- [Work item]:
Using the material below, repeat exactly the lines from the one with "The interactions in" through the one with "BELLETERRE Mirror, 44", ends included, without any images.

- [Available records]:
# # #

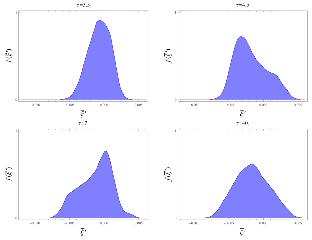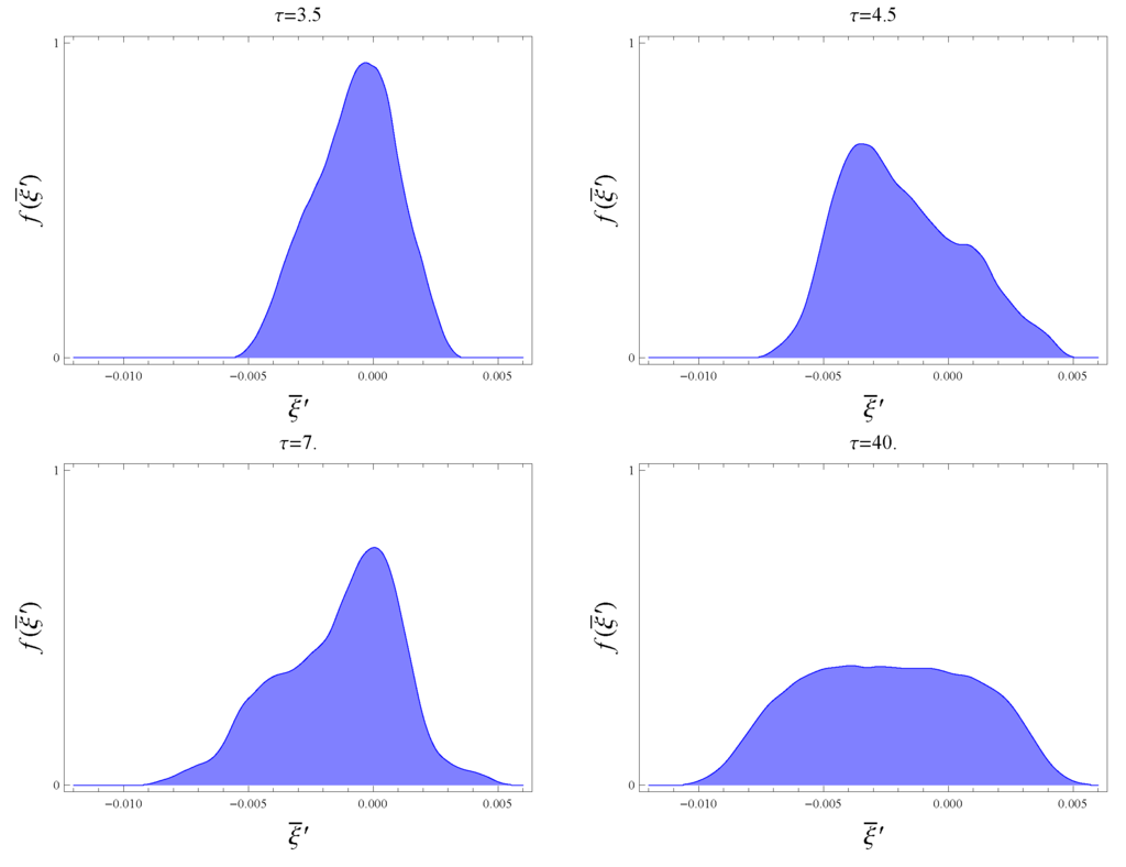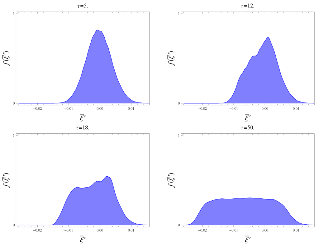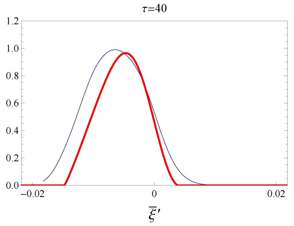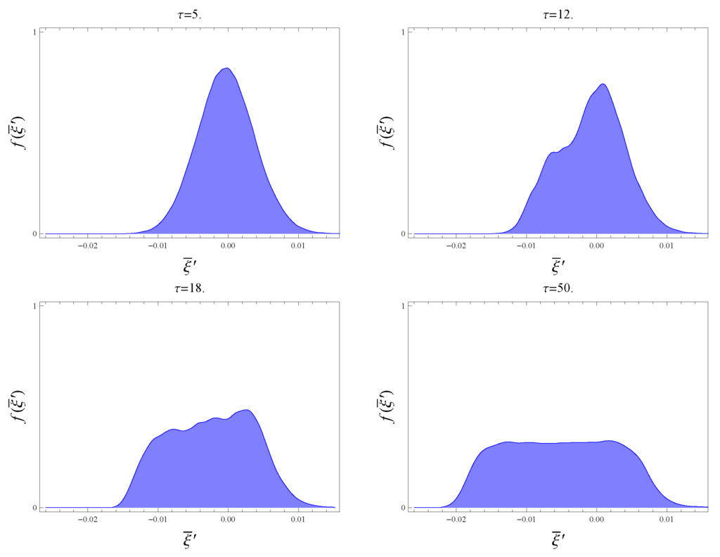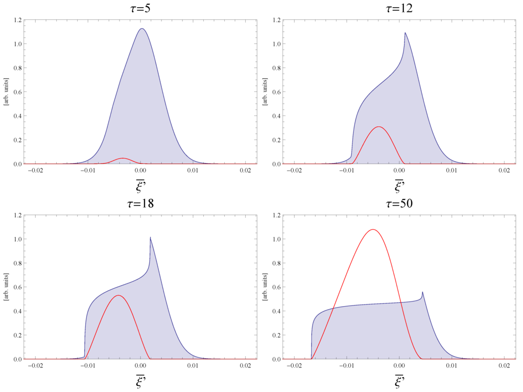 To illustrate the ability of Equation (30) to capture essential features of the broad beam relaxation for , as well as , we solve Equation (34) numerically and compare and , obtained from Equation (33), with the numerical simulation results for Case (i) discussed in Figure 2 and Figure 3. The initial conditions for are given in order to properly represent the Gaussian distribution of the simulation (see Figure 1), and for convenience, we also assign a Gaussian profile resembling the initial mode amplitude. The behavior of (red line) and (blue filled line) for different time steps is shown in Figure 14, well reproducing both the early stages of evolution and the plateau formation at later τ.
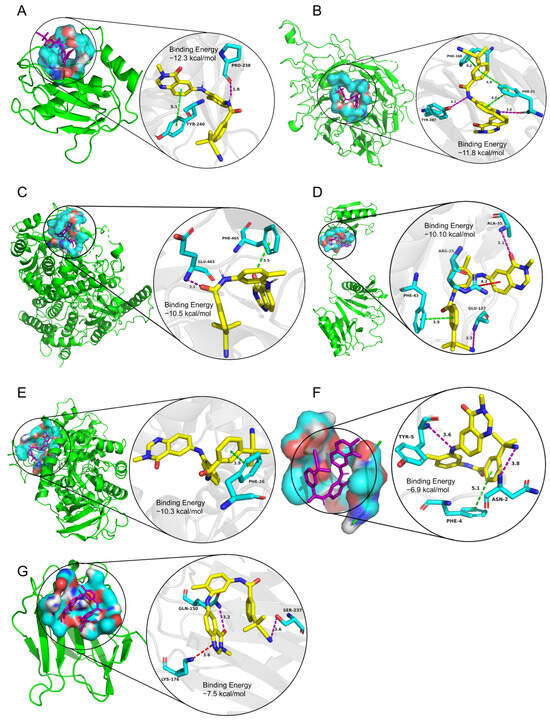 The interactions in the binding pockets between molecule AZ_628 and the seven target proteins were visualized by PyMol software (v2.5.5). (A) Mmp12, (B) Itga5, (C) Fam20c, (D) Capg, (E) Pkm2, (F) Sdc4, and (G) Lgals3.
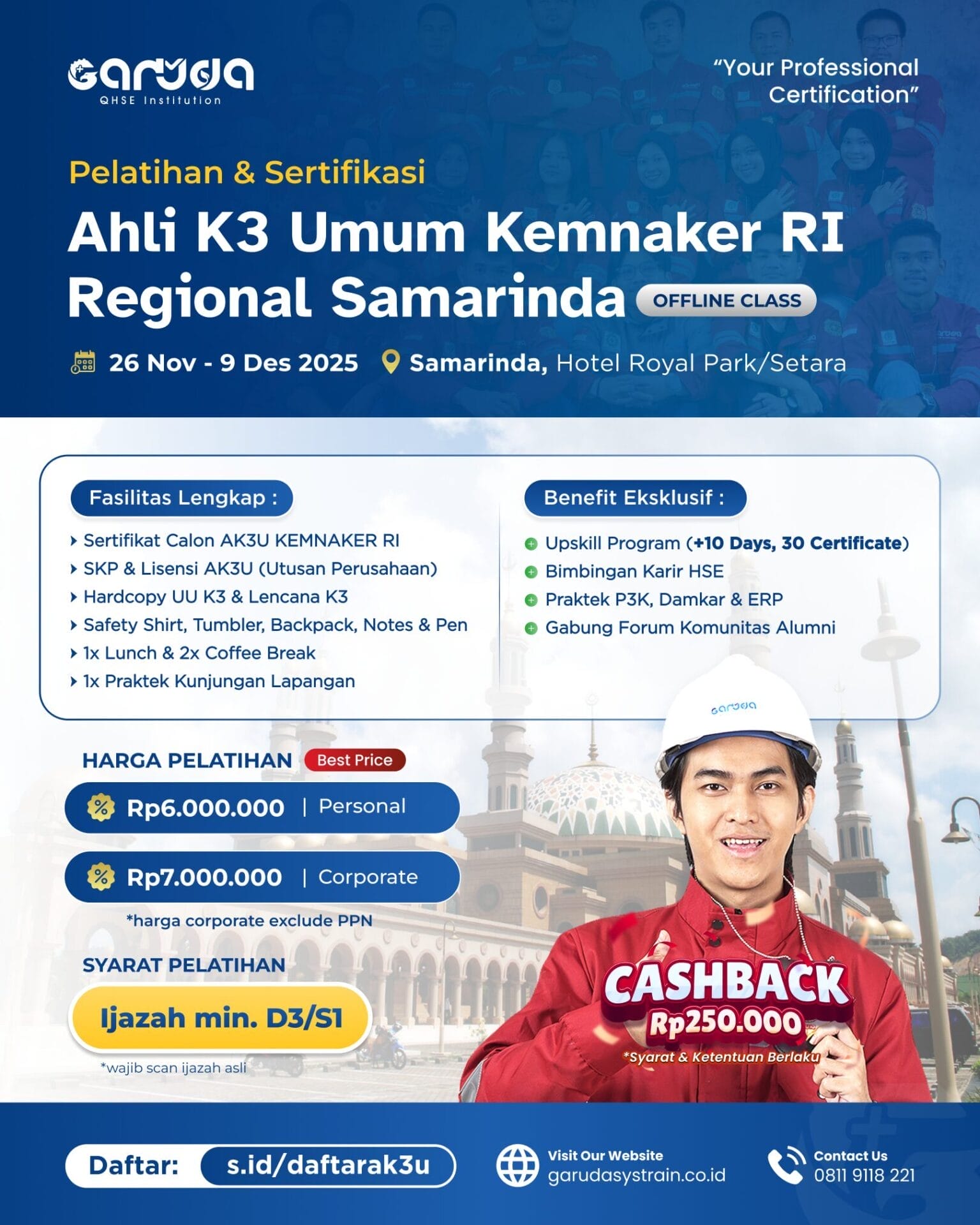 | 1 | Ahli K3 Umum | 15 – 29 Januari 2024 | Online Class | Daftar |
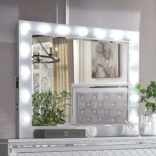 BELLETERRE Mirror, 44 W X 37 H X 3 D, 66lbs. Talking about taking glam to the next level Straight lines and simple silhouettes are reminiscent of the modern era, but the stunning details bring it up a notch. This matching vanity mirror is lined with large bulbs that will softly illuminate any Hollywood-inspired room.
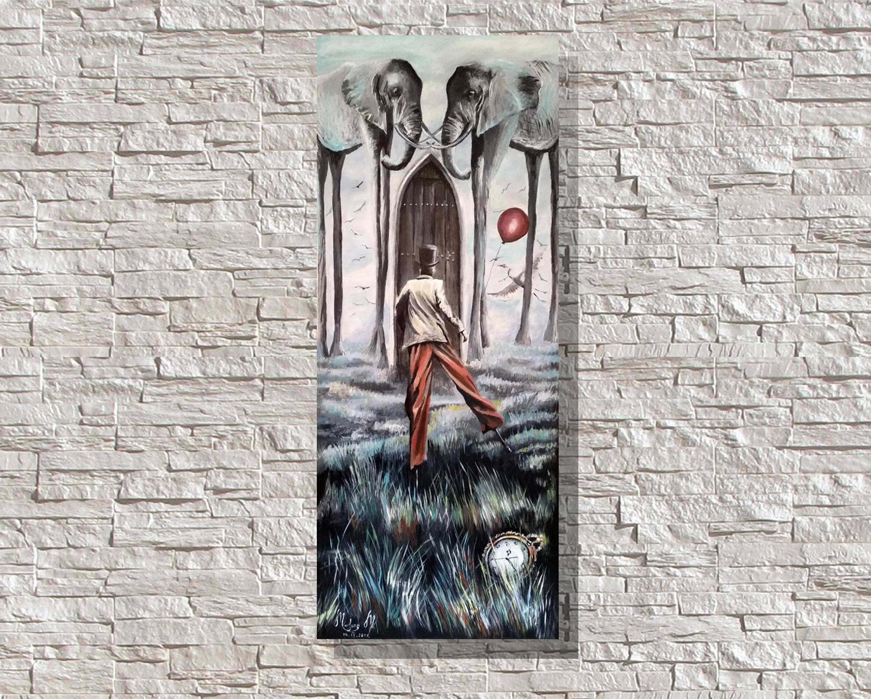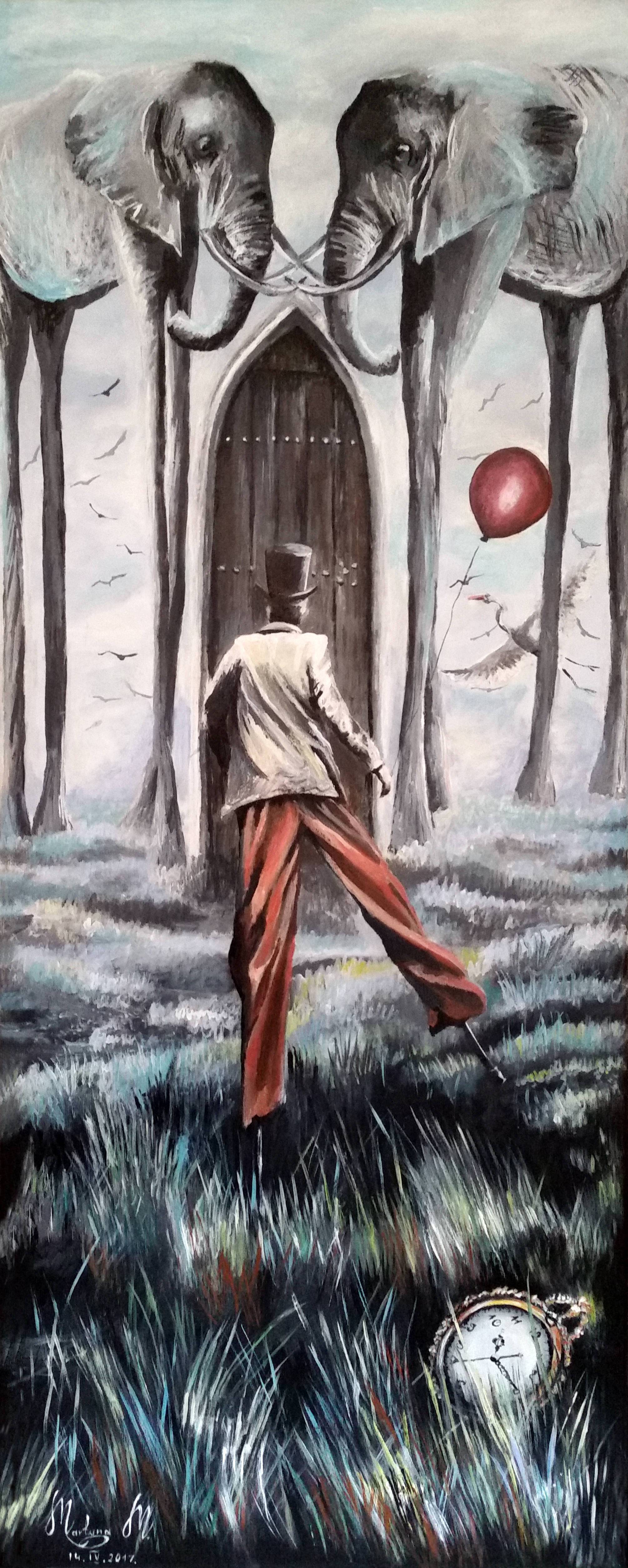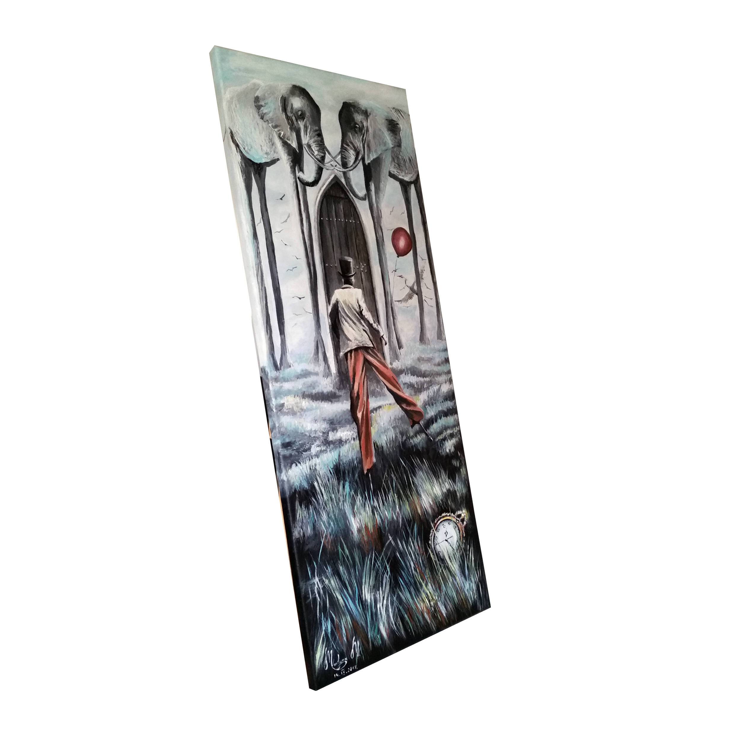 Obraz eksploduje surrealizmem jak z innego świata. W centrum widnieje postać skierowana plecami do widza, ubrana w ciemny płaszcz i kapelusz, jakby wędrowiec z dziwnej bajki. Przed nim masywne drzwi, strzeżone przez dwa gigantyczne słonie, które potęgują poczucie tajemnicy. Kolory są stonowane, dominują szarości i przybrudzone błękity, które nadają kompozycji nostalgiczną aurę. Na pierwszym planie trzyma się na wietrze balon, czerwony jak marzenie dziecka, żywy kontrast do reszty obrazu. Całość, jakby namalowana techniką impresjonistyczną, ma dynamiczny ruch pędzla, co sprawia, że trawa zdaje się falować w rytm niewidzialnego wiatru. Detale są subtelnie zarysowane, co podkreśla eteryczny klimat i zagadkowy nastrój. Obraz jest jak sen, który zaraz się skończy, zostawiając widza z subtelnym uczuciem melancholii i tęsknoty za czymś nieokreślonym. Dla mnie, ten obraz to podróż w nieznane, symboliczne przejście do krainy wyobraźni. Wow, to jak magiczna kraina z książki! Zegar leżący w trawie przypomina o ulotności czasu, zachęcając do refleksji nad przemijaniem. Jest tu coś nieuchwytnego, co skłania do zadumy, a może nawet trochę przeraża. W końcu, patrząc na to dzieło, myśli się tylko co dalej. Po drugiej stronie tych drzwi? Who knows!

# # #

- [Response to the exercise]:
 The interactions in the binding pockets between molecule AZ_628 and the seven target proteins were visualized by PyMol software (v2.5.5). (A) Mmp12, (B) Itga5, (C) Fam20c, (D) Capg, (E) Pkm2, (F) Sdc4, and (G) Lgals3.
 | 1 | Ahli K3 Umum | 15 – 29 Januari 2024 | Online Class | Daftar |
 BELLETERRE Mirror, 44 W X 37 H X 3 D, 66lbs. Talking about taking glam to the next level Straight lines and simple silhouettes are reminiscent of the modern era, but the stunning details bring it up a notch. This matching vanity mirror is lined with large bulbs that will softly illuminate any Hollywood-inspired room.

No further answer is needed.